> [Exercise]: Copy the listing that follows exactly. Its pictures do not belong in the copy.

> [Dataset excerpt]:
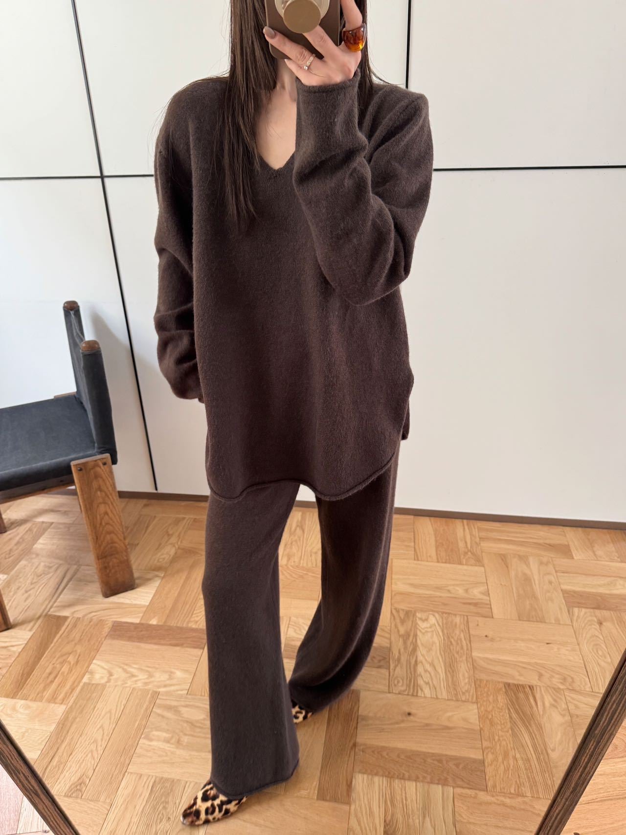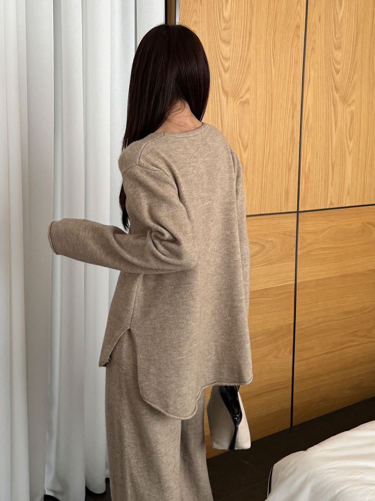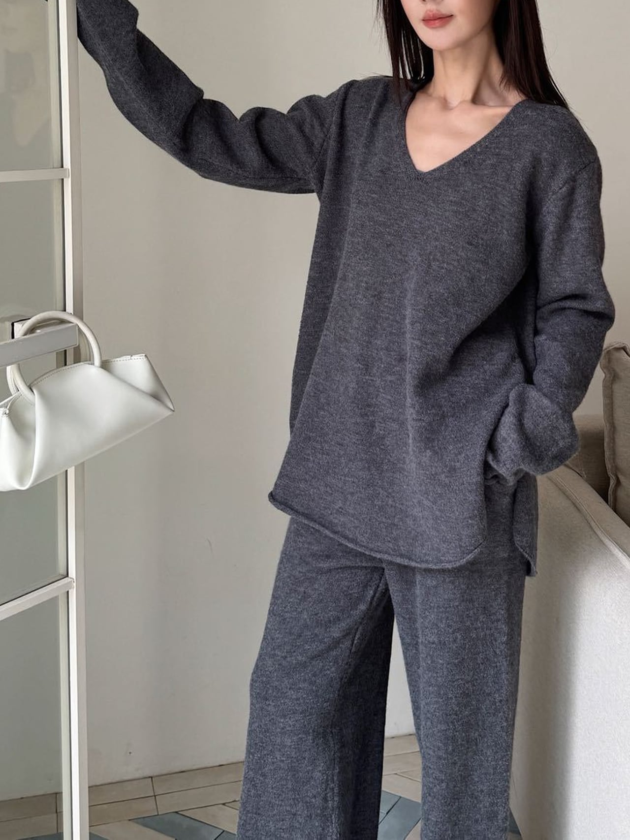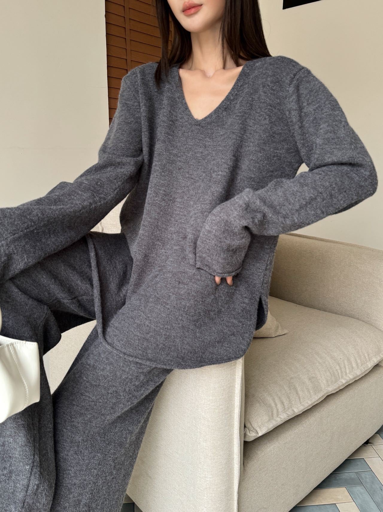 【set】Vネックニットトップス×ワイドパンツセット Q7430
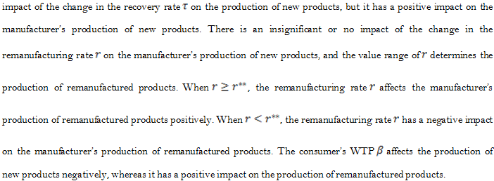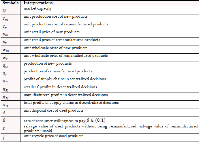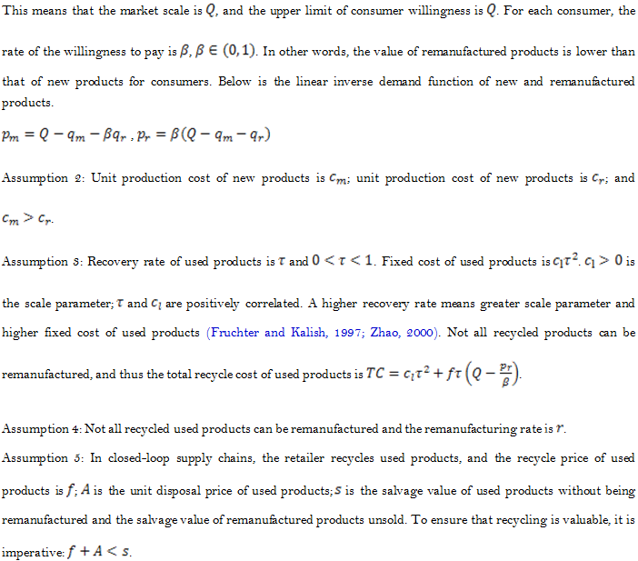 Willingness to Pay (WTP) is what consumers are willing to pay for certain goods and services, which is also the evaluation of a product and service. WTP in this article varies when consumers choose new and remanufactured products; in other words, consumers can differentiate new and remanufactured products. Shi et al. (2015) look at the competition in remanufacturing when the supply chain consist of manufacturers who use new products and remanufacturers who recycle core components, they find that WTP has a significant impact on the manufacturer's performance and the stability of Nash equilibrium. Since the remanufacturing technology develops relatively slowly and consumer awareness of remanufactured products is inadequate, the willingness to pay for remanufactured products is relatively low. However, recovery rate and remanufacturing rate can be a very beneficial perspective in the study of closed-loop supply chains of remanufacturing. In these perspectives, here the consumer willingness to pay varies; that is, consumers show different levels of acceptance of new and remanufactured products. Not all used products can be recycled and not all recycled products can be remanufactured, and as a result, the impact of recovery rate and remanufacturing rate on the pricing strategy of closed-loop supply chains are investigated.
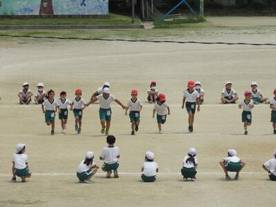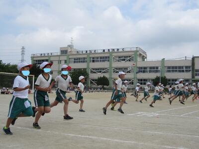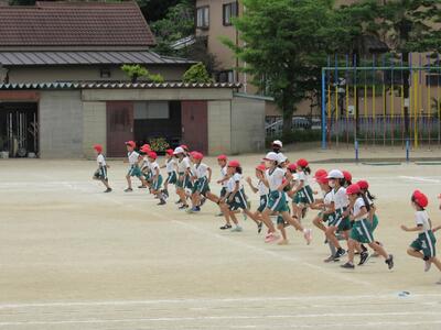 赤ぼうしが2年生、白ぼうしはシャトルランのペースメーカー5年生。
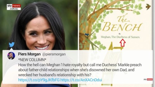 MEGHAN MARKLE: Piers Morgan compared Markle’s qualification for writing a children’s book about fathers to Bill and Melinda Gates publishing a hypothetical book titled “Why Marriage is for Keeps” the day after announcing they’re getting a divorce.

> [Answer for this exercise]:
 【set】Vネックニットトップス×ワイドパンツセット Q7430
 Willingness to Pay (WTP) is what consumers are willing to pay for certain goods and services, which is also the evaluation of a product and service. WTP in this article varies when consumers choose new and remanufactured products; in other words, consumers can differentiate new and remanufactured products. Shi et al. (2015) look at the competition in remanufacturing when the supply chain consist of manufacturers who use new products and remanufacturers who recycle core components, they find that WTP has a significant impact on the manufacturer's performance and the stability of Nash equilibrium. Since the remanufacturing technology develops relatively slowly and consumer awareness of remanufactured products is inadequate, the willingness to pay for remanufactured products is relatively low. However, recovery rate and remanufacturing rate can be a very beneficial perspective in the study of closed-loop supply chains of remanufacturing. In these perspectives, here the consumer willingness to pay varies; that is, consumers show different levels of acceptance of new and remanufactured products. Not all used products can be recycled and not all recycled products can be remanufactured, and as a result, the impact of recovery rate and remanufacturing rate on the pricing strategy of closed-loop supply chains are investigated.
 赤ぼうしが2年生、白ぼうしはシャトルランのペースメーカー5年生。
 MEGHAN MARKLE: Piers Morgan compared Markle’s qualification for writing a children’s book about fathers to Bill and Melinda Gates publishing a hypothetical book titled “Why Marriage is for Keeps” the day after announcing they’re getting a divorce.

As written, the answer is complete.